→ Task to complete: Reproduce the records precisely. Omit every picture.

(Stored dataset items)
· · ·

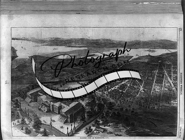Balloon view of Washington,D.C.,US Capitol with dome not yet completed,1861
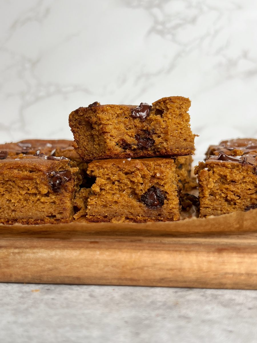 These chocolate chip pumpkin bars are moist, easy to make, and truly the perfect fall dessert. I can’t wait for you all to try them 🙂
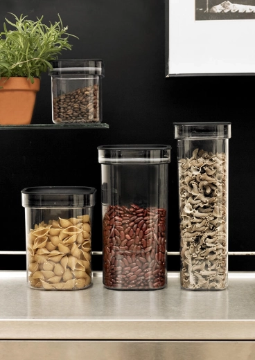 Datorită plasticului transparent, ai mereu vizibilitate asupra cantității și conținutului, iar forma pătrată, compactă și posibilitatea de stivuire te ajută să economisești spațiu pe rafturi. Materialele de calitate NAS, polipropilenă și silicon garantează rezistență și durată lungă de viață în utilizarea zilnică.
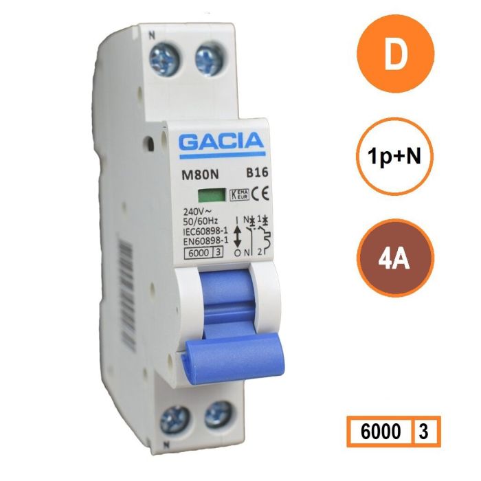 GACIA M80N-D04 inst. 1p+n D4 6kA (18mm)
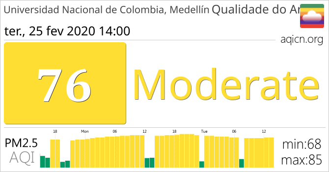 A qualidade do ar em Universidad Nacional de Colombia, Medellín, Colômbia é Moderate
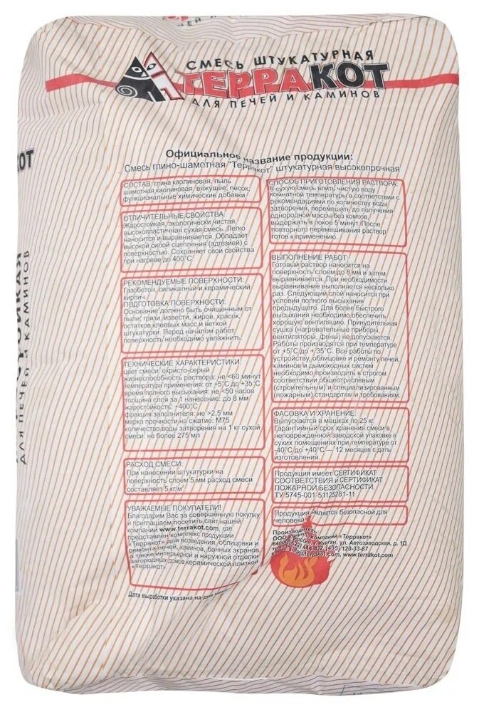 Смесь Терракот глино-шамотная штукатурная жаростойкая высокопрочная 25 кг
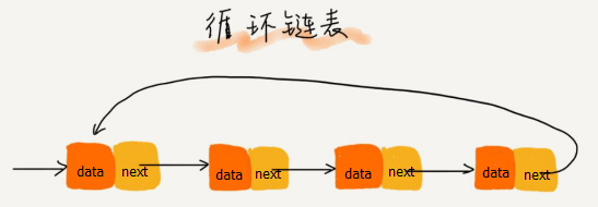 将一个单链表首尾相连就形成了一个环,这就是循环链表,循环链表里尾结点不在是null,而是指向头结点。当数据具有环形结构时候就可以使用循环链表。
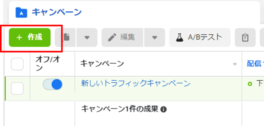 1.広告マネージャを開き、[作成]からキャンペーンを作成します。
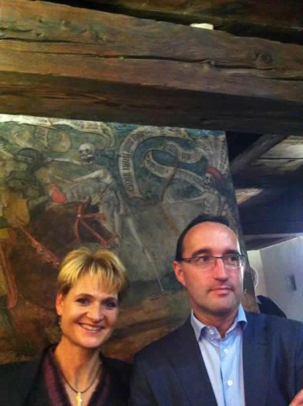 Loèche nous a grand ouvert toutes ses portes, en témoignage de son soutien aux enfants papillons et pour notre plaisir. Notre guide et historien, Monsieur Roger Matthieu, nous a fait découvrir cette bourgade qui recèle de trésors : l’Eglise Saint-Etienne et son ossuaire impressionnant, la Salle de marbre du Château de Werra-Zen Ruffinen, grâce à l’amabilité de Madame Claudia Zen Ruffinen, le Château restauré par Botta et son étonnante coupole.
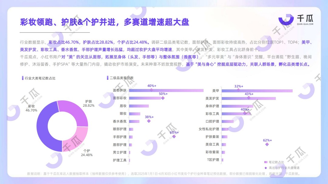 2025年上半年,小红书美妆个护内容呈现三足鼎立态势:彩妆以46.7%的占比稳居首位,护肤与个护分别占据28.82%和24.48%。值得注意的是,美甲、美发护肤、彩妆工具等细分品类增速显著,均超过行业大盘平均水平。
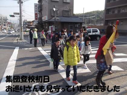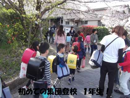 今日から1年生も集団登校で登校しました。校門前で元気に「おはようございます!」の声が聞こえました。
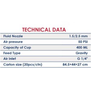 مسدس رش دهانات دوكو بالهواء مقلوب APT بنتة بلاستك 600 مم 1.6 مم AB-17G
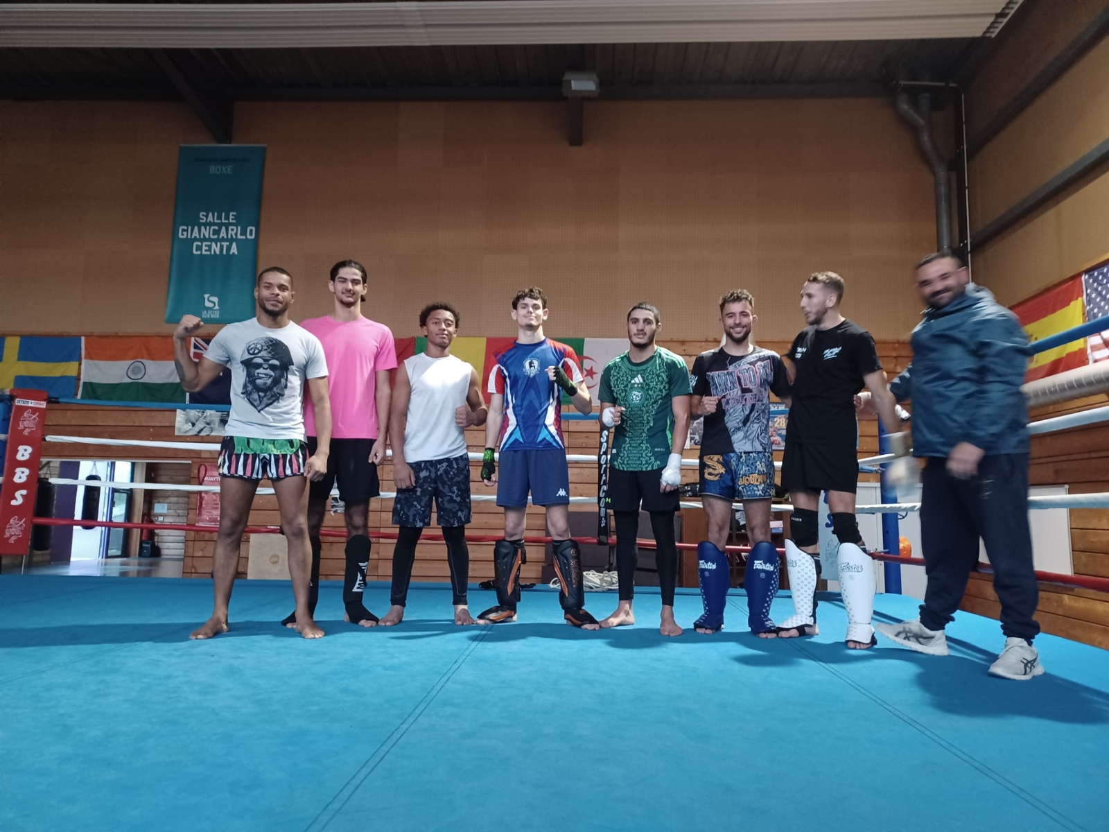Mise de gants pour nos compétiteurs Raphael DESHERIES, Gabriel ABBAZ, Tarik BOUCHALLIKH et YOUSFI Omar avec nos amis du Team Greg Tony "GT Boxing" de DRAGUIGNAN.
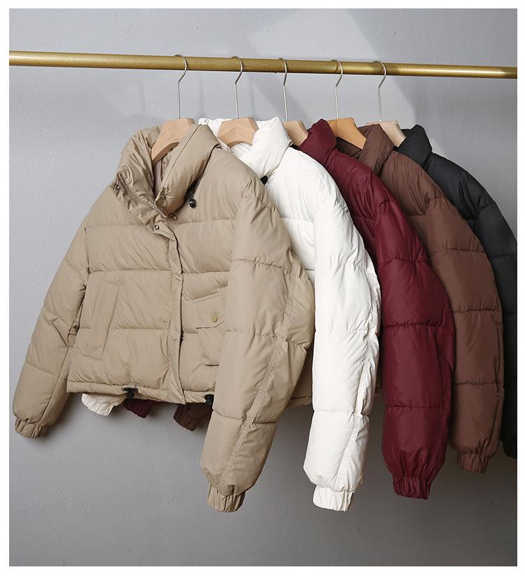 Casaco curto de algodão com penugem para mulheres inverno 2024 novo estilo coreano moda solto engrossado quente casaco pão
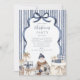 A sophisticated navy-striped Christmas invitation featuring watercolor Santa, elegant gift boxes, and soft neutral accents. The hand-painted bow frame and minimalist palette evoke a refined winter charm — perfect for formal holiday gatherings or cozy festive parties alike.
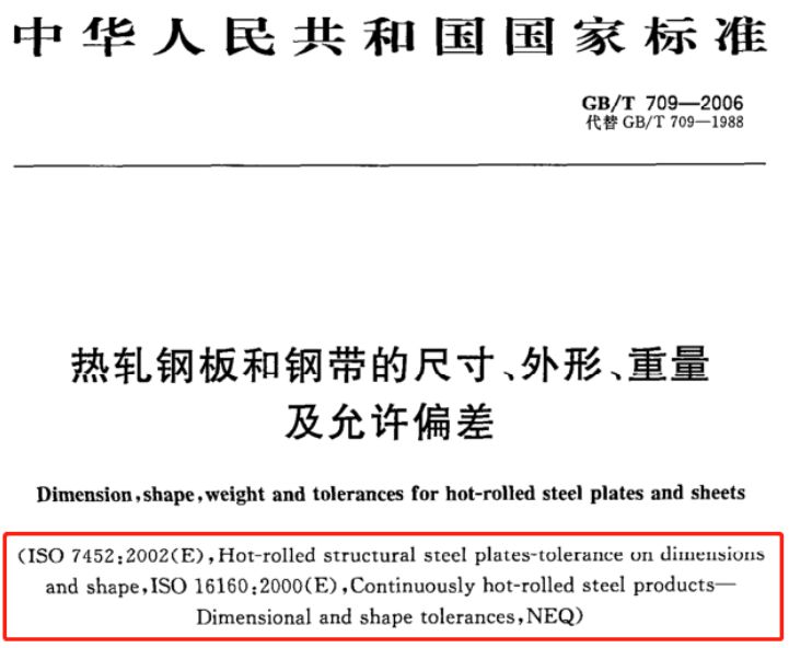 (括弧中意思,非等效采用NEQ了:ISO7452-2002(E)热轧结构钢板尺寸、外形偏差标准,ISO16160-2000(E)热连钢带和钢产品的尺寸、外形允许偏差)
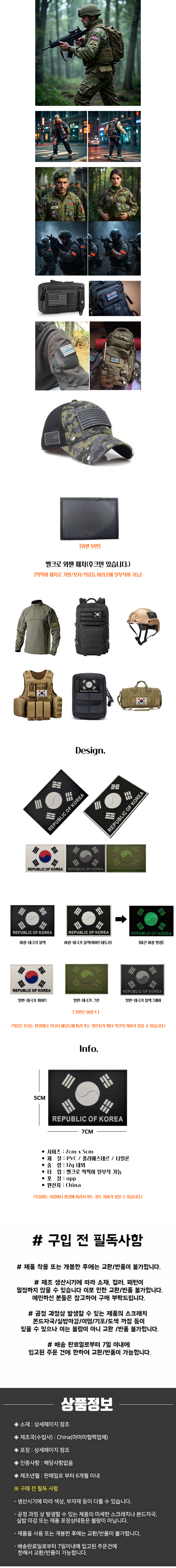 REPUBLIC OF KOREA 태극기 PVC 야광 일반 벨크로 와펜 패치 5종(야광2종/일반3종)
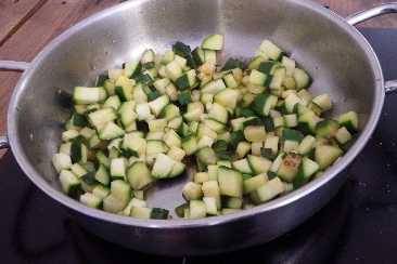 Corte as abobrinhas em cubos e coloque na frigideira com um fio de azeite e o dente de alho com casca. Cozinhe até que a água da vegetação evapore completamente. No final do cozimento, retire o alho e tempere com sal e pimenta
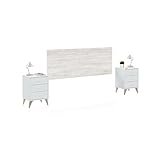 - Mueble fácil y rápido de limpiar con un paño húmedo; requiere montaje (incluye instrucciones y herrajes); no incluye complementos decorativos, sólo incluye el cabezal y las mesitas

· · ·

→ Response to the task:
Balloon view of Washington,D.C.,US Capitol with dome not yet completed,1861
 These chocolate chip pumpkin bars are moist, easy to make, and truly the perfect fall dessert. I can’t wait for you all to try them 🙂
 Datorită plasticului transparent, ai mereu vizibilitate asupra cantității și conținutului, iar forma pătrată, compactă și posibilitatea de stivuire te ajută să economisești spațiu pe rafturi. Materialele de calitate NAS, polipropilenă și silicon garantează rezistență și durată lungă de viață în utilizarea zilnică.
 GACIA M80N-D04 inst. 1p+n D4 6kA (18mm)
 A qualidade do ar em Universidad Nacional de Colombia, Medellín, Colômbia é Moderate
 Смесь Терракот глино-шамотная штукатурная жаростойкая высокопрочная 25 кг
 将一个单链表首尾相连就形成了一个环,这就是循环链表,循环链表里尾结点不在是null,而是指向头结点。当数据具有环形结构时候就可以使用循环链表。
 1.広告マネージャを開き、[作成]からキャンペーンを作成します。
 Loèche nous a grand ouvert toutes ses portes, en témoignage de son soutien aux enfants papillons et pour notre plaisir. Notre guide et historien, Monsieur Roger Matthieu, nous a fait découvrir cette bourgade qui recèle de trésors : l’Eglise Saint-Etienne et son ossuaire impressionnant, la Salle de marbre du Château de Werra-Zen Ruffinen, grâce à l’amabilité de Madame Claudia Zen Ruffinen, le Château restauré par Botta et son étonnante coupole.
 2025年上半年,小红书美妆个护内容呈现三足鼎立态势:彩妆以46.7%的占比稳居首位,护肤与个护分别占据28.82%和24.48%。值得注意的是,美甲、美发护肤、彩妆工具等细分品类增速显著,均超过行业大盘平均水平。
 今日から1年生も集団登校で登校しました。校門前で元気に「おはようございます!」の声が聞こえました。
 مسدس رش دهانات دوكو بالهواء مقلوب APT بنتة بلاستك 600 مم 1.6 مم AB-17G
Mise de gants pour nos compétiteurs Raphael DESHERIES, Gabriel ABBAZ, Tarik BOUCHALLIKH et YOUSFI Omar avec nos amis du Team Greg Tony "GT Boxing" de DRAGUIGNAN.
 Casaco curto de algodão com penugem para mulheres inverno 2024 novo estilo coreano moda solto engrossado quente casaco pão
 A sophisticated navy-striped Christmas invitation featuring watercolor Santa, elegant gift boxes, and soft neutral accents. The hand-painted bow frame and minimalist palette evoke a refined winter charm — perfect for formal holiday gatherings or cozy festive parties alike.
 (括弧中意思,非等效采用NEQ了:ISO7452-2002(E)热轧结构钢板尺寸、外形偏差标准,ISO16160-2000(E)热连钢带和钢产品的尺寸、外形允许偏差)
 REPUBLIC OF KOREA 태극기 PVC 야광 일반 벨크로 와펜 패치 5종(야광2종/일반3종)
 Corte as abobrinhas em cubos e coloque na frigideira com um fio de azeite e o dente de alho com casca. Cozinhe até que a água da vegetação evapore completamente. No final do cozimento, retire o alho e tempere com sal e pimenta
 - Mueble fácil y rápido de limpiar con un paño húmedo; requiere montaje (incluye instrucciones y herrajes); no incluye complementos decorativos, sólo incluye el cabezal y las mesitas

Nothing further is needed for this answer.